You will analyze the lexdec
dataset from the languageR
package that we’ve been using in class. The dependent measures will be the RT
column (which is the natural log of the number of milliseconds) and (an appropriately transformed version of) the Correct column, your independent measure will be (a centered version of) the Frequency column (which is the natural log of the word’s number of occurrences in the CELEX corpus), and the relevant grouping variables for the random effects are the Subject and Word columns.
You should use as many iterations of MCMC as necessary to ensure that R-hats for all unknown variables (including the multivariate R-hat) are below 1.05, but use a minimum of at least 1000 iterations. Because 1000 iterations of MCMC could take a while (up to 15 minutes or so) in a complex model like this, you’ll probably want to use a smaller number of iterations while developing your code. (A warning: if you find yourself needing to go above 15,000 iterations for this problem, that very likely indicates something is wrong with your code.)
For each model, you should use four chains, and ensure that you initialize every unknown variable in the chains, the chains’ random seeds, and the R random seed, to maximize reproducibility.
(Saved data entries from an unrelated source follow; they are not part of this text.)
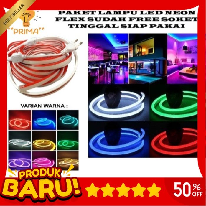 LAMPU AGUSTUSAN Paket Lampu LED Neon Flexible AC 220V1m 2m 3m 4m 5m ( sudah free soket + tutup )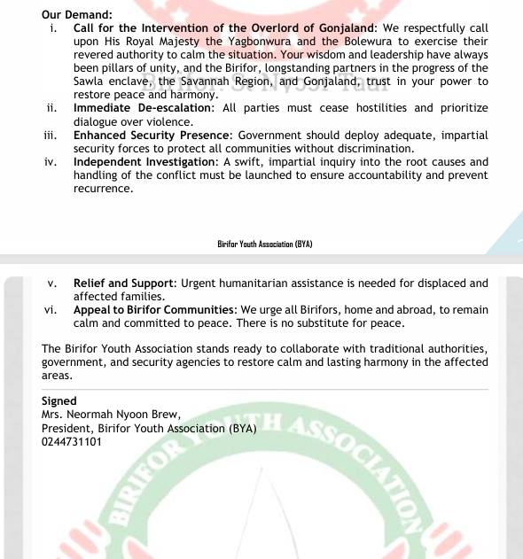 BYA also urged traditional leaders, including the Yagbonwura and the Bolewura, to exercise their authority in mediating the conflict and restoring peace. The association further demanded an independent investigation into the root causes of the clashes and the conduct of security agencies.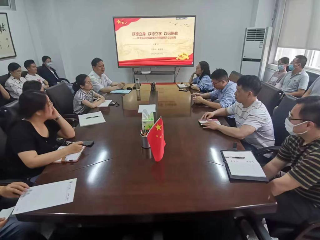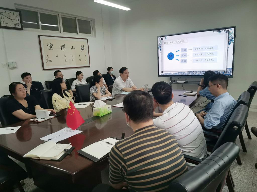 为加强师德师风建设,引导广大教师不忘立德树人初心,牢记为党育人、为国育才使命,5月25日,在电信楼414会议室,电子信息公司党委书记杨友谊为公司青年教师作了题为《抓师德师风建设,做四有好老师》的精彩报告,公司青年教师20余人共同聆听了报告。在正式讲授之前,杨友谊带领老师们学习了《十九大以来陕西省高校违纪违法典型案例警示录》,重点解读了涉及教师行为失德、科研经费使用不当等案例,要求教师要以案为鉴、以案为戒,始终恪守职业行为准则,始终坚持自我革命,始终保持清醒头脑,绝对不逾越和触犯“师德底线”,必须遵循“师德基准。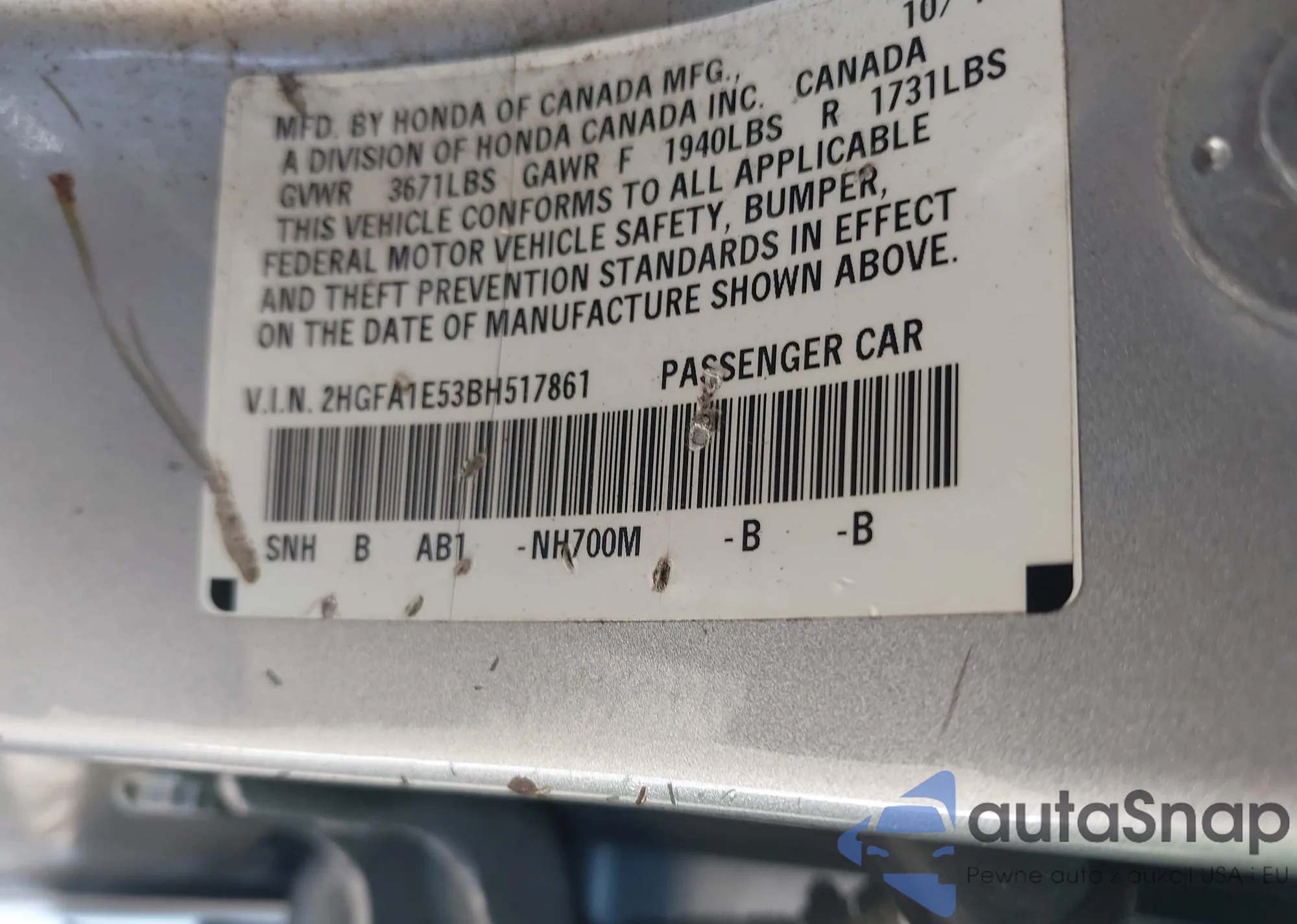 • VIN 2HGFA1E53BH517861

Because a priori when making regression models, you don’t usually know much about the parameter space, one recommendation is to initialize parameters that can take positive or negative values (such as betas) to values between -1 and 1 and to initialize parameters that must be positive (such as standard deviations) to values distributed approximately uniformly between 0.1 and 1. Try to set these values relatively independently, such that no one chain has all of its standard deviations extremely low, etc.
JAGS will do some tricks to speed up sampling in regression models if you run the command load.module("glm")
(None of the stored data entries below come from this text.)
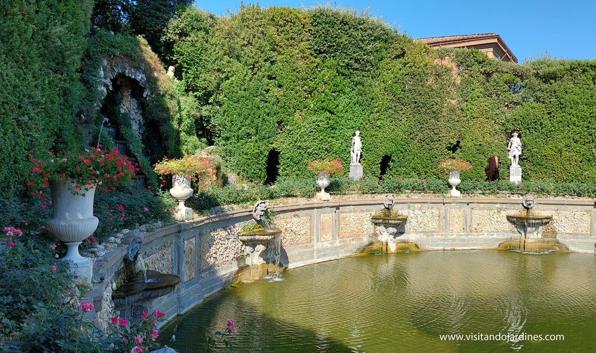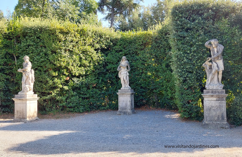En su cabecera, dos grandes estatuas de gigantes en reposo, representan los ríos Arno y Serchio simbolizando el origen de agua y la grandeza del jardín. Se trata de un elemento simbólico muy repetido en los jardines italianos de la época.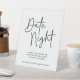 This sign invites guests to share date night inspiration for the happy couple with a black calligraphy script and two lines of custom text.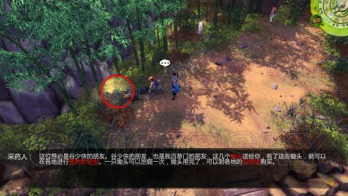 1、来到杜康村的左上角,遇到采药人,他会向你说明一切。然后左边的草药就可以进入采药小游戏。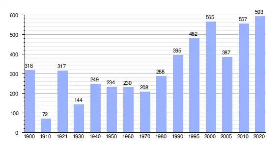 En 2020 registró una población de 593 personas, lo que corresponde al 3.09 % de la población municipal.[12] De los cuales 310 son hombres y 328 son mujeres.[12] Tiene 149 viviendas particulares habitadas.[12]

at some point in your code before you call jags.model()
. For these models to converge in a reasonable amount of time, these tricks are essential.
Also, sampling will be much more efficient if you use a Normal distribution prior on \(\beta_0\) and \(\beta_1\) (instead of uniform priors). If you use a very low precision, say, 0.0000001, these priors will be essentially uninformative. This is also highly recommended.
For this assignment, instead of answering specific questions, you’ll be producing a coherent write-up describing what you did, the results you found, and what they mean. Your write-up should be divided into two main parts: the first part for the RT model and the second part for the Correct model. Each of these two parts should contain the following three sections (with section headings):
Model specification. Here, describe the probabilistic model you did inference with, assuming that the reader has not read these homework instructions. You can assume the reader is familiar with mixed-effects regression, but you must explain all design decisions (such as what your independent variables and dependent variables were, how you transformed your variables, which random effects you included, and what priors you used).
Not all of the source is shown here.